:: Information shown ::
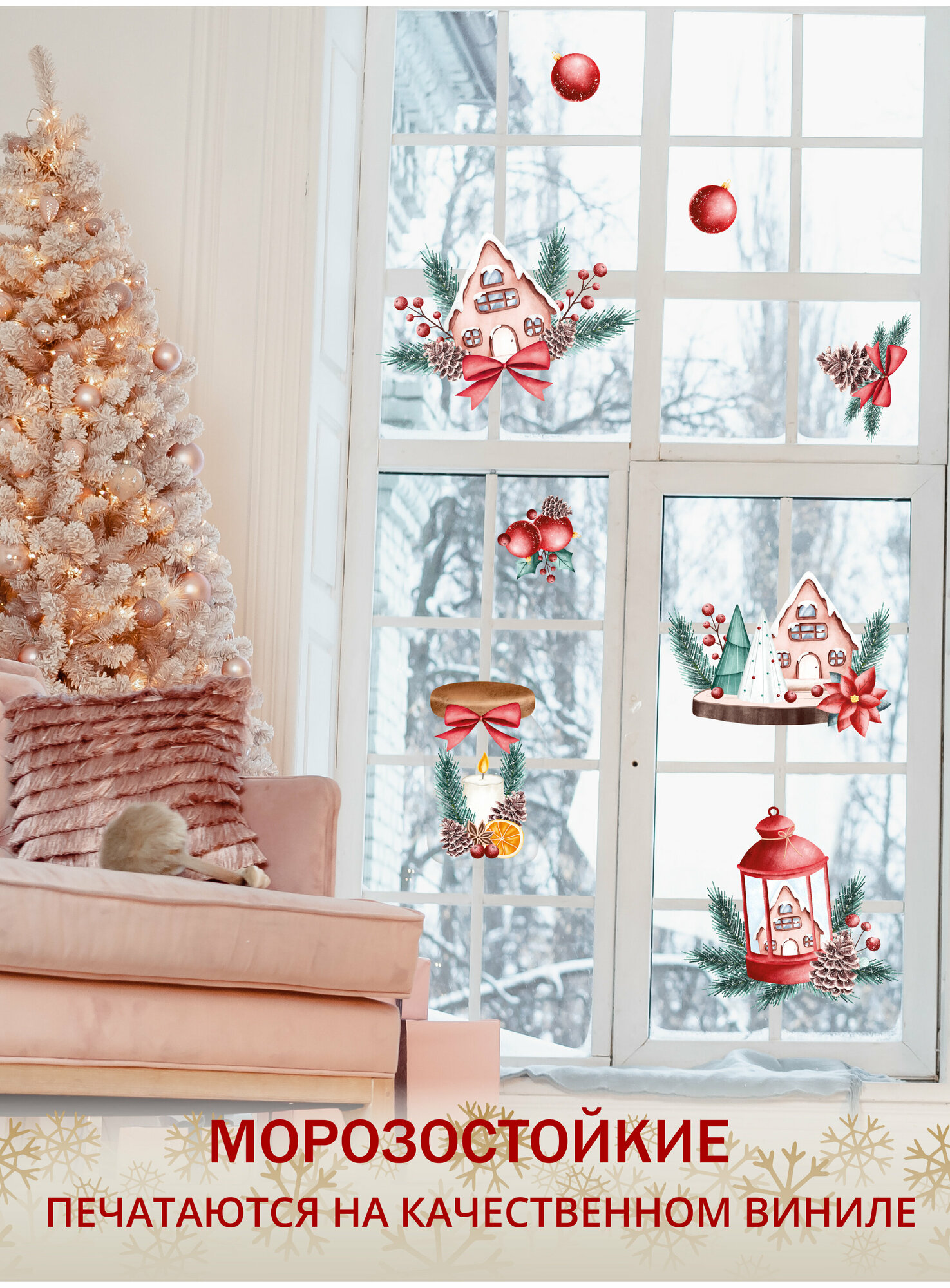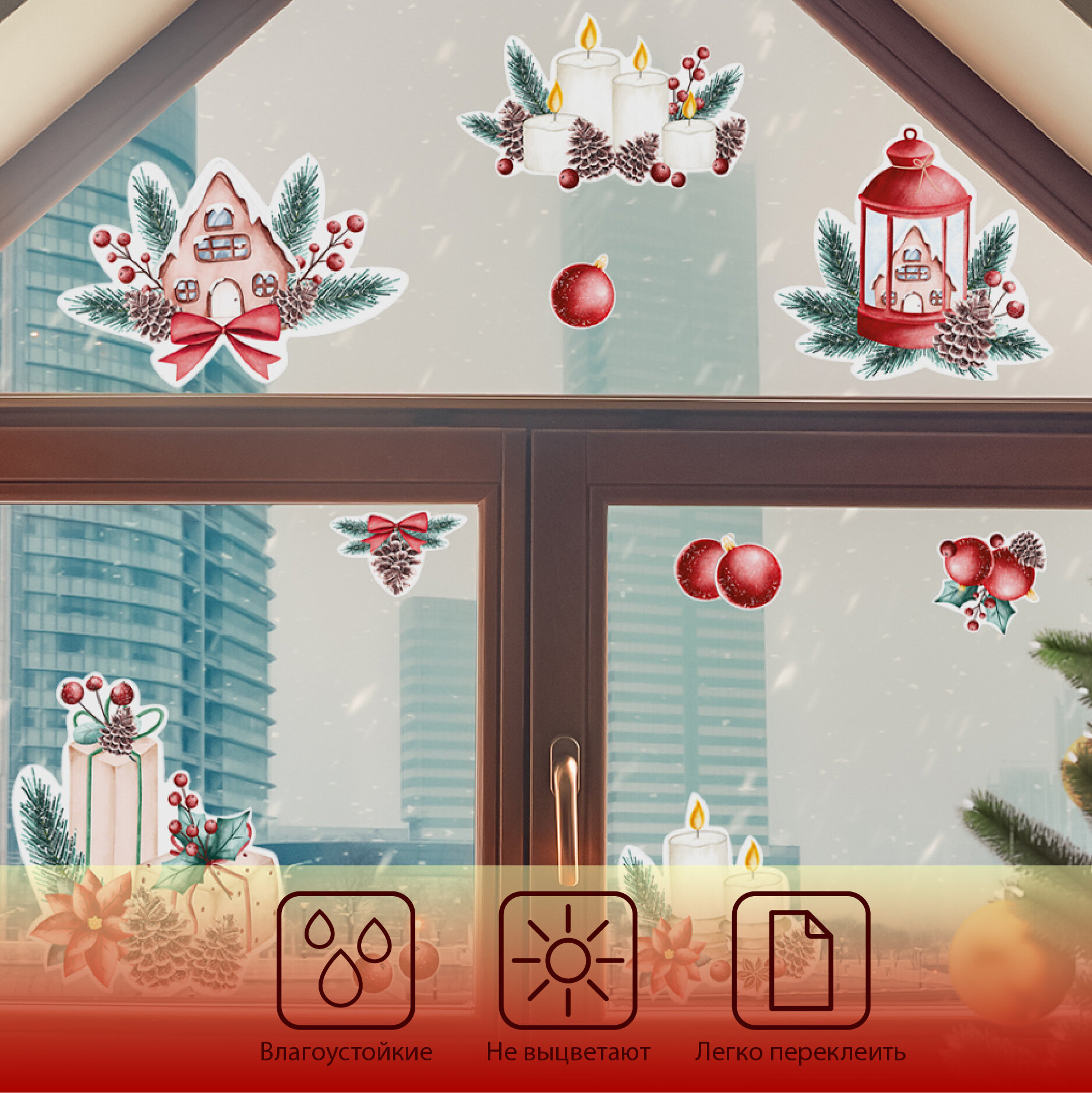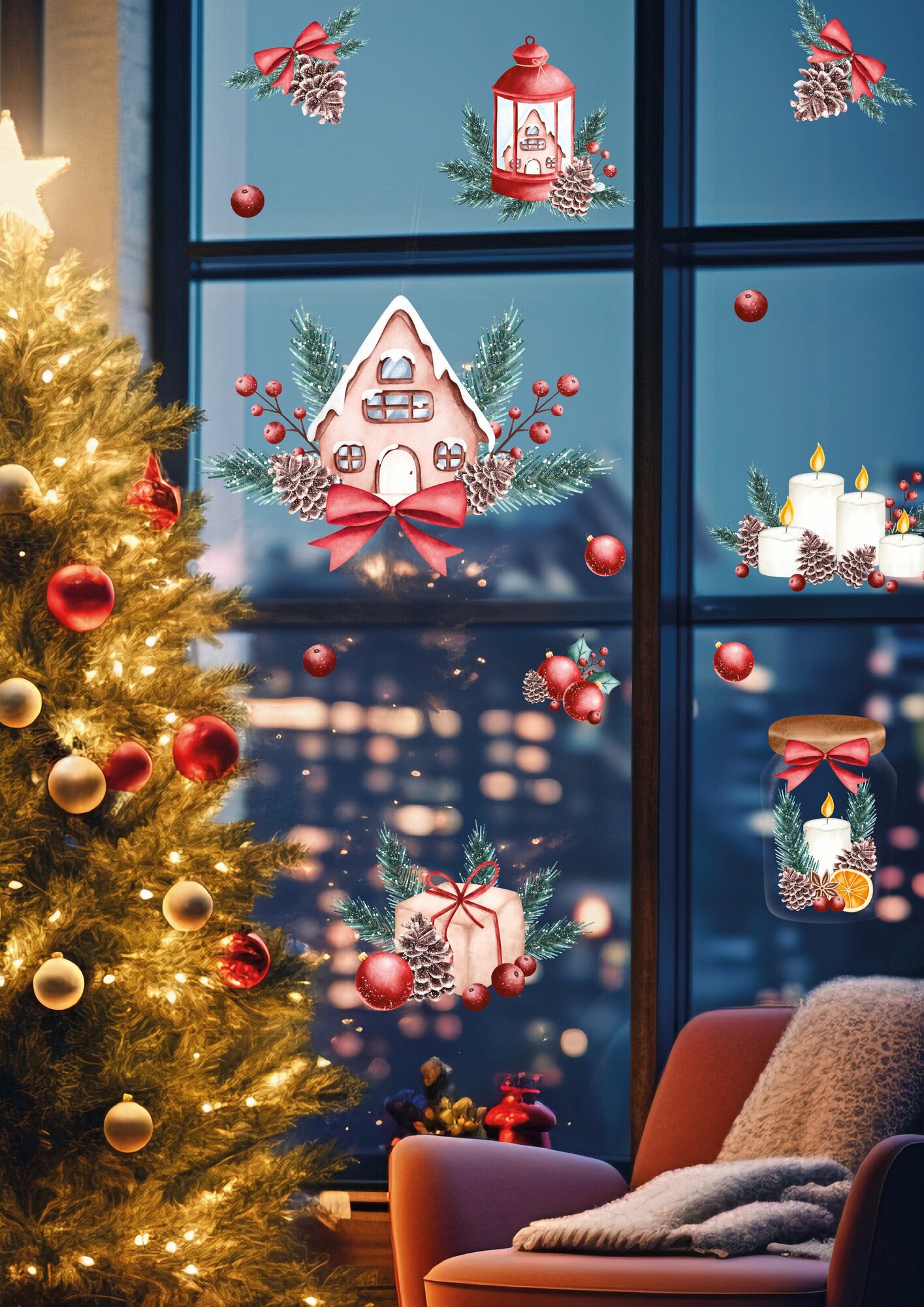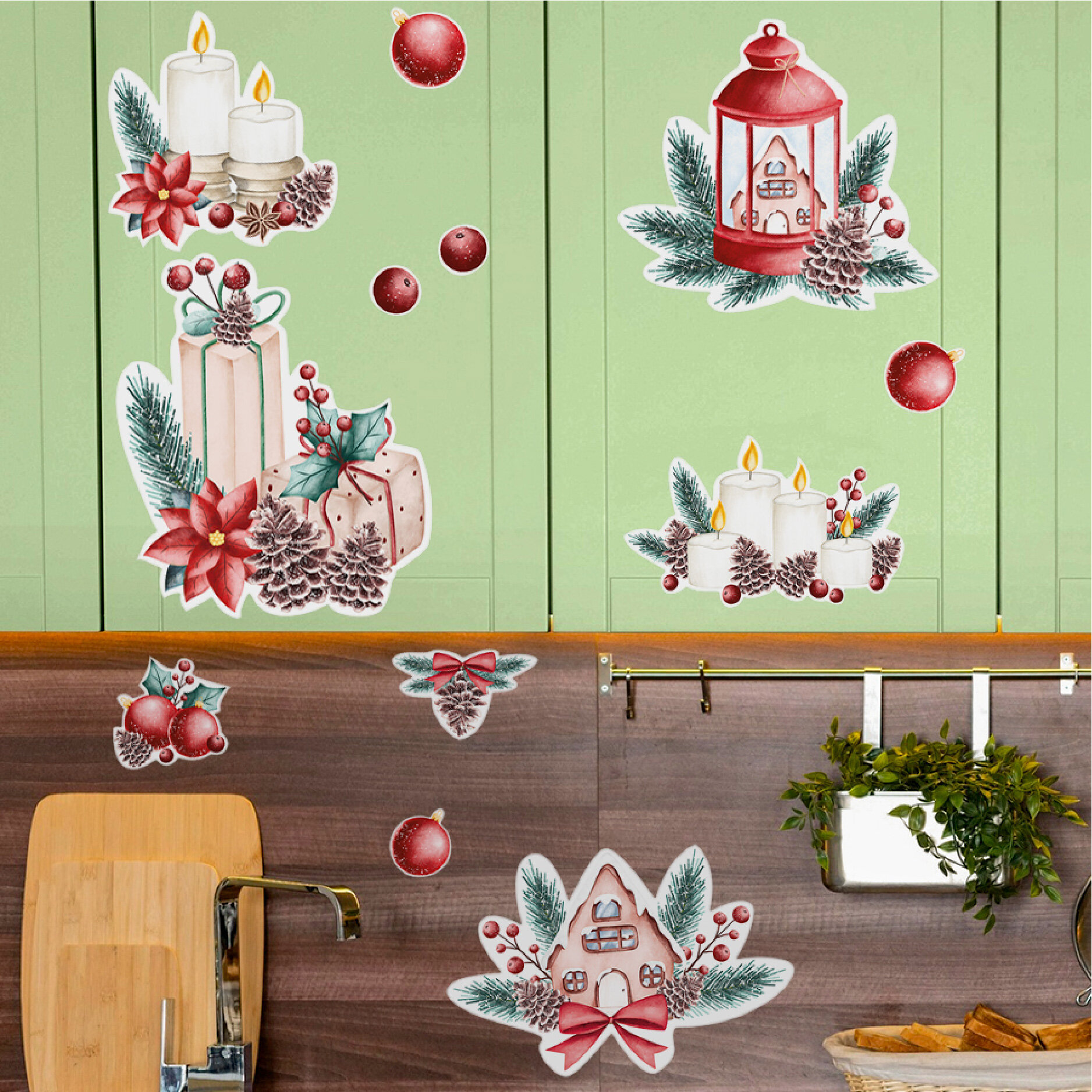 Купить Новогодние интерьерные наклейки UND, цвет красный, влагостойкие, термостойкие, комплект
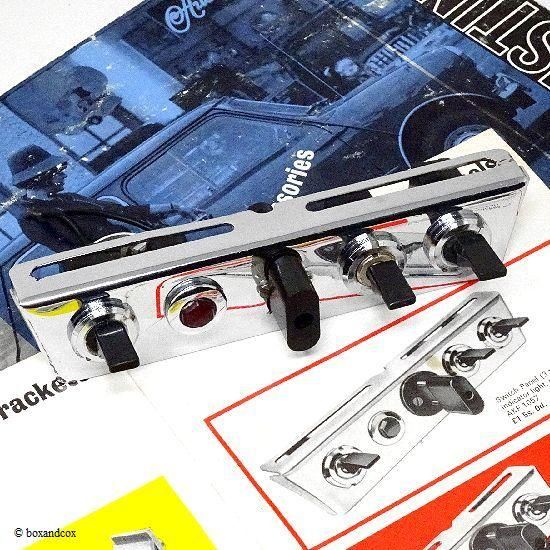 クロームメッキのパネルには、3つのトグルスイッチ、ダイヤカットレンズのワーニングランプ、中央にはアクセサリー等に使用できる
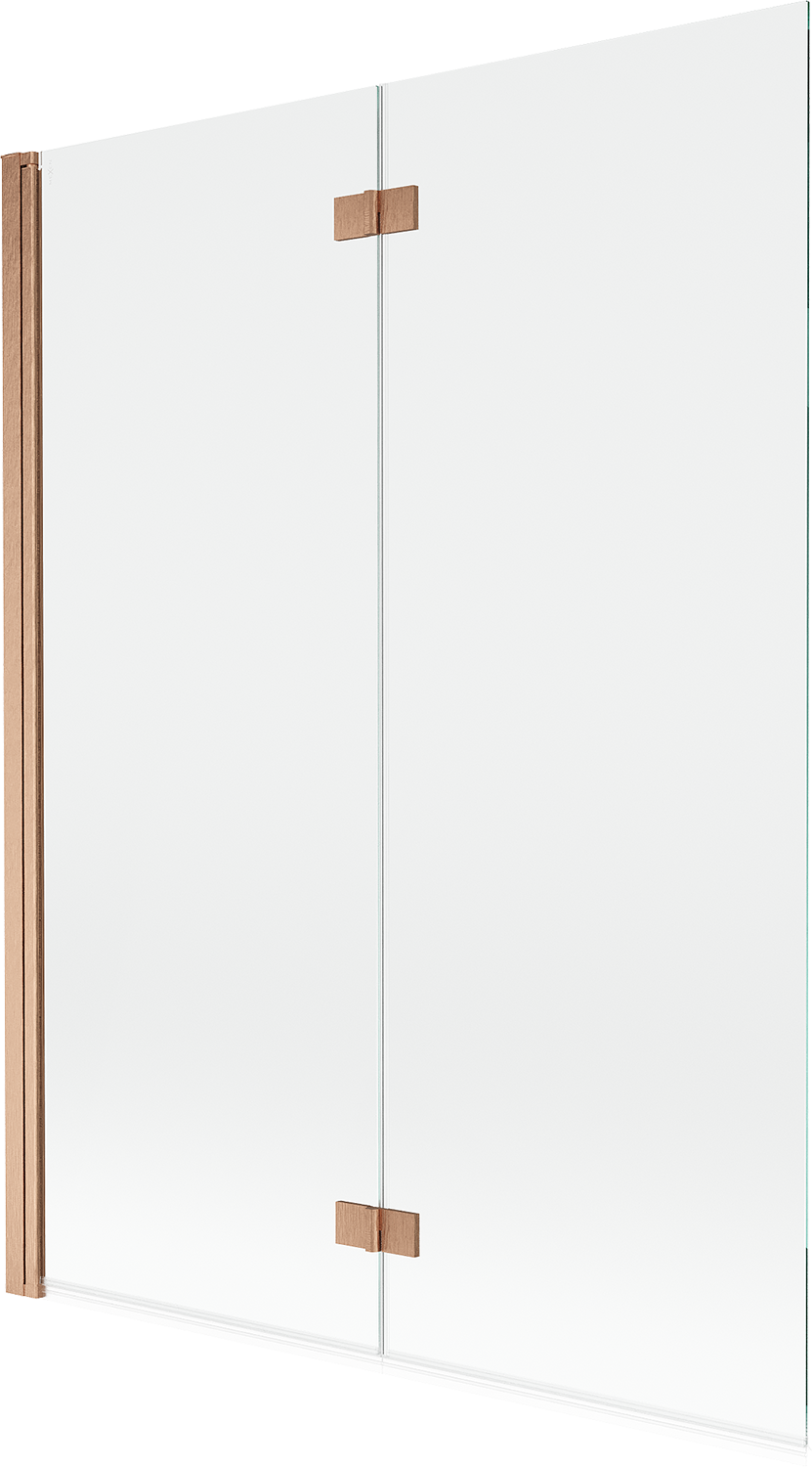 Specyfikacja produktu: Szerokość: 130 cm Wysokość: 150 cm Rodzaj: 2-skrzydłowy Strona montażu: Lewa Typ: Ruchomy/Składany Rodzaj szkła: Hartowane Kolor szkła: Transparentny Grubość szkła: 6 mm Wykończenie: Miedź szczotkowana Powłoka ułatwiająca czyszczenie Możliwa regulacja szerokości Mosiężne zawiasy zlicowane z tafla szkła Uszczelki elastomerowe odprowadzające wodę
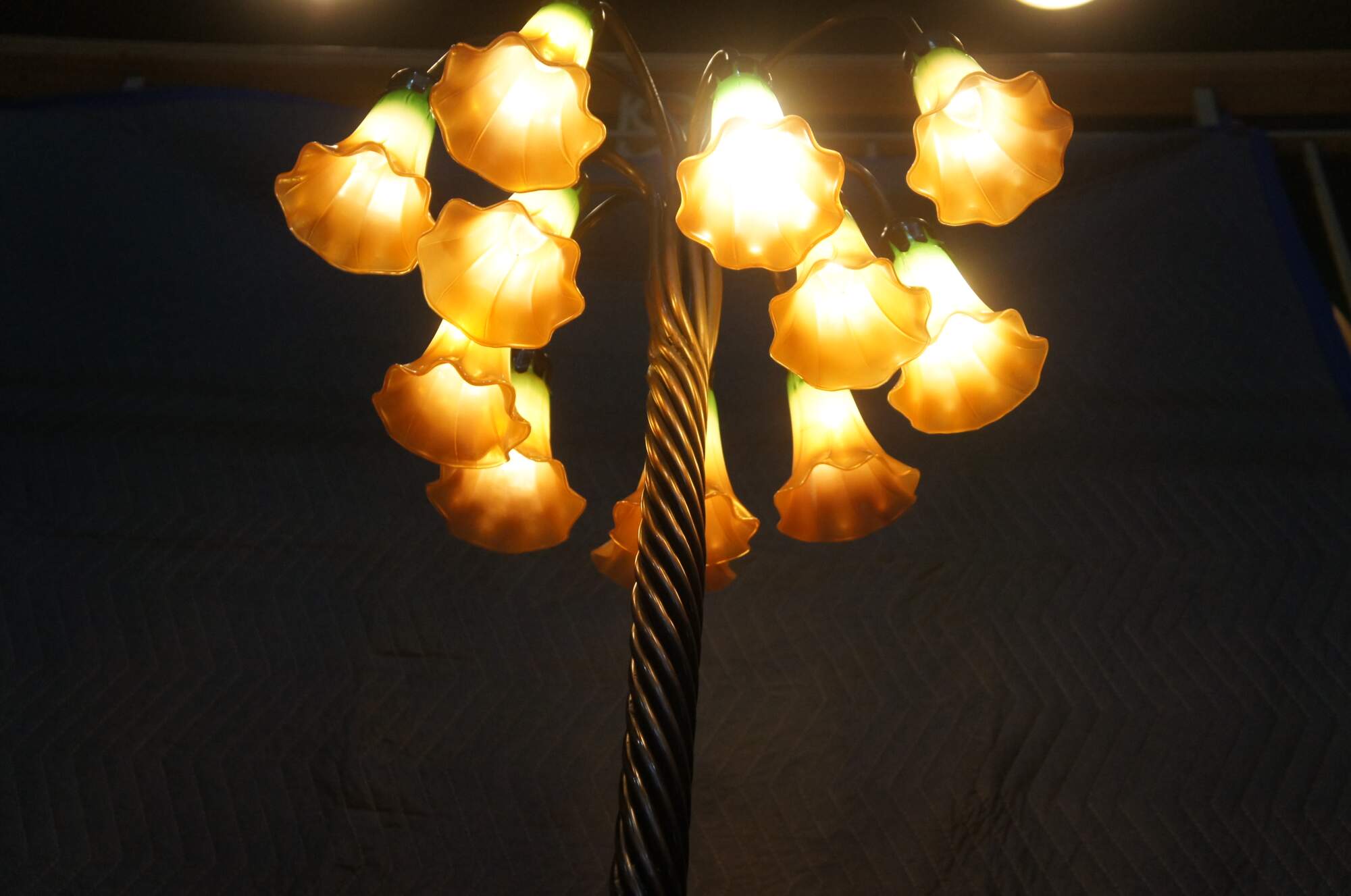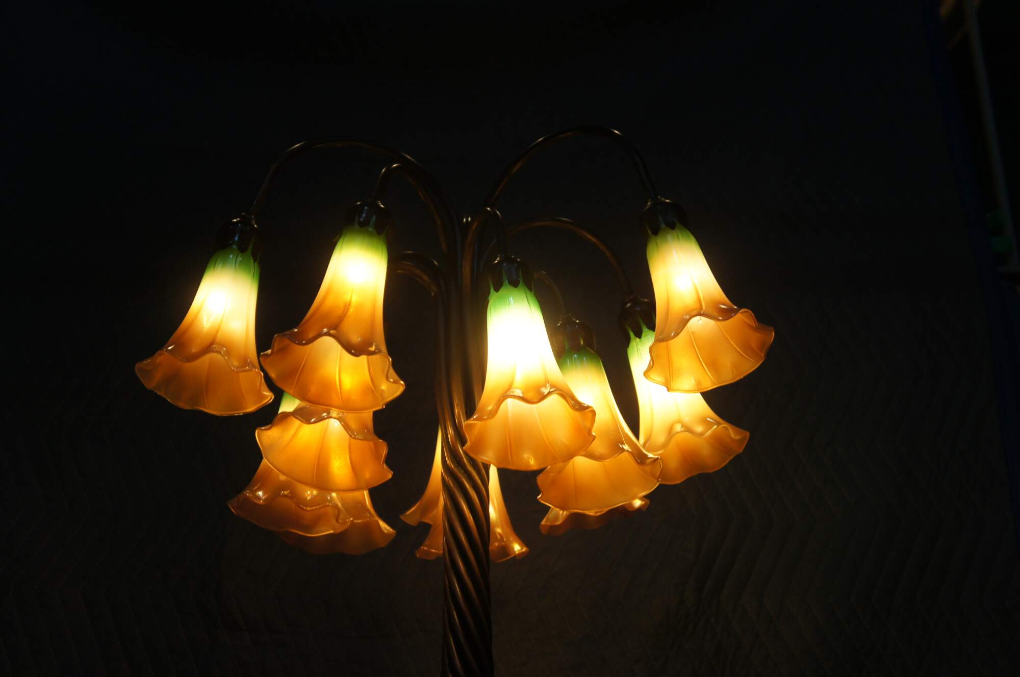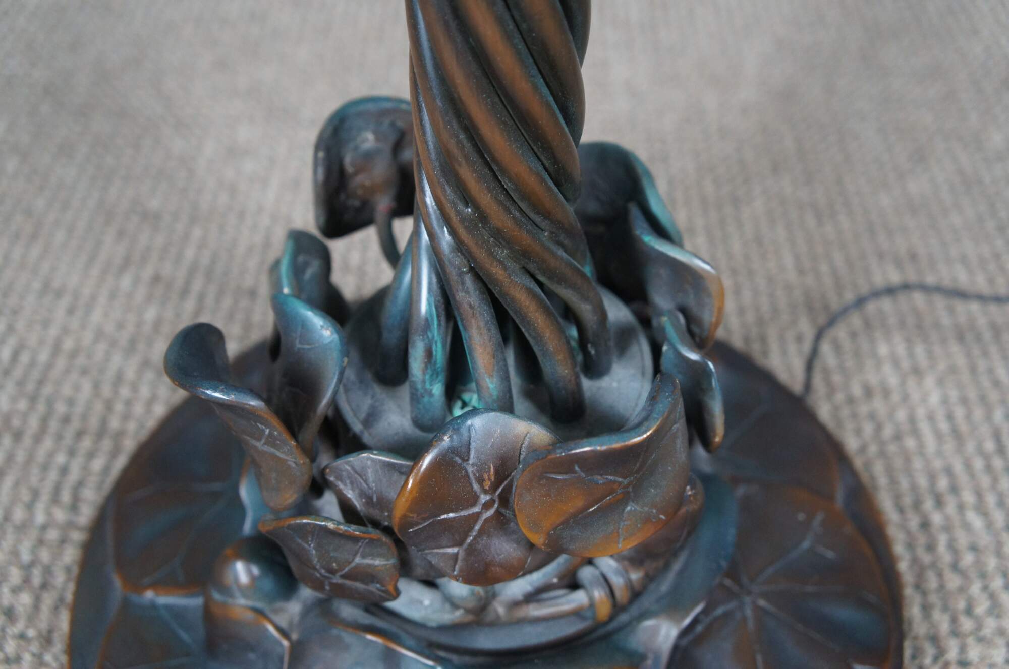 Vintage Tiffany style heavy bronze and copper floor lamp featuring Art Nouveau styling with twisted column and lily pad base supporting twelve floral tulip flared glass shades. Signed along interior of Lilly base. Lamp includes two extra shades. An astounding beauty when lit.

:: Exercise aim ::
Quote, exactly and only, the lines from the first line of the data above through the line containing "Specyfikacja produktu: Szerokość: 130". The pictures do not belong in it.

:: Expected output ::
 Купить Новогодние интерьерные наклейки UND, цвет красный, влагостойкие, термостойкие, комплект
 クロームメッキのパネルには、3つのトグルスイッチ、ダイヤカットレンズのワーニングランプ、中央にはアクセサリー等に使用できる
 Specyfikacja produktu: Szerokość: 130 cm Wysokość: 150 cm Rodzaj: 2-skrzydłowy Strona montażu: Lewa Typ: Ruchomy/Składany Rodzaj szkła: Hartowane Kolor szkła: Transparentny Grubość szkła: 6 mm Wykończenie: Miedź szczotkowana Powłoka ułatwiająca czyszczenie Możliwa regulacja szerokości Mosiężne zawiasy zlicowane z tafla szkła Uszczelki elastomerowe odprowadzające wodę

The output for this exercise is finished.